I created a mobile app which allowed students and volunteer tutors to find and interact with each other.

Volunteers signing up on the application would need to enter essential information abut themselves while signing up, including:

  • Name
  • Age and gender
  • Languages and location
  • Their educational qualification
  • Subjects they wanted to teach, as well as the educational boards and grades which they wanted to teach them for

Students would go through the following process:

  1. Enter their school’s unique 6-characteric alphanumeric code (this does mean that only students whose schools have created accounts on EduDaan would be able to use it, but I decided the tradeoff was worth it)
  2. Enter information about themselves, including their:
    • Name
    • Age
    • Languages and location
    • Grade and educational board
  3. Upon signing up, they’d see a list of volunteers who teach their grade and board, and speak any one of the same languages as them. They’d then be able to filter that list by volunteers who teach a specific subject.
  4. After finding a volunteer who matched their interests, they’d be able to send a request to them.

A volunteer has the ability to accept or reject a request.
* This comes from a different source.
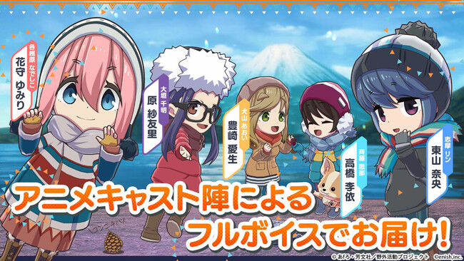 各務原なでしこ、志摩リン、大垣千明、犬山あおい、斉藤恵那など、おなじみのキャラクターのモーション&フルボイスの豊富な掛け合いや、1,000を超えるキャンプギアや乗り物、美味しそうなキャンプ飯、山梨・長野・静岡を中心とする各地の美しい景色など、TVアニメ『ゆるキャン△』の要素が続々登場予定です!

If they accepted it, a private chat room would open up between the student and volunteer. Within this room, they’d be able to:

  • Engage in real-time conversations, with the ability to share media
  • Initiate a private Zoom meeting
  • If necessary, report the other user. This would suspend the chat room.

I also set up a web interface for school administrators (had there been more time, I’d have liked to set up a web application for tutors and students, but figured that the market I was targeting would probably prefer a mobile app anyways). This allowed them to:

  • View their unique 6-character alphanumeric join code
  • View all their current students using the app
  • View information about each of their student’s tutors
  • Download logs of their student’s chat rooms

Tech Talk #

This slide from my pitch sums up the tech stack pretty well:

EduDaan tech stack: Django, DRF, PostgreSQL, Heroku, Flutter, Firebase Firestore, Flyer Chat UI, Bulma CSS, Zoom API

Some interesting notes about the tech stack listed above:

  • This was also my first time working with Flutter for anything complex, and given the time pressure I was under, a lot of the code in the app was hacked together. You can see some rough edges in the layout, because I generally tried to fit stock Flutter Material UI components to my specific needs.
  • I couldn’t figure out a way to scale the Zoom API - I had to use my own personal API key for testing, which has a cap of 100 meetings / month. I was quite surprised by this, given that generating Zoom meetings en masse is probably something that a lot of enterprise software could probably make use of and do make use of.
  • The real-time chat setup was, generally, a disaster. I initially wanted to build it using Django websockets, and had I had more time, I would have probably been able to, but I eventually ended up making it with Firebase Firestore just a few days before the finals. I used Flyer Chat to throw together a decent-looking interface quickly, but having built custom chat pages in Flutter since then, it would have probably been easier to just write a custom chat UI.
  • I’d worked extensively with Django for server-rendered web applications before, but this was my first time working with Django REST Framework. Looking back at the code I wrote for the hackathon, not a lot of it makes use of the best features of DRF, and it’d probably have been better using something like FastAPI.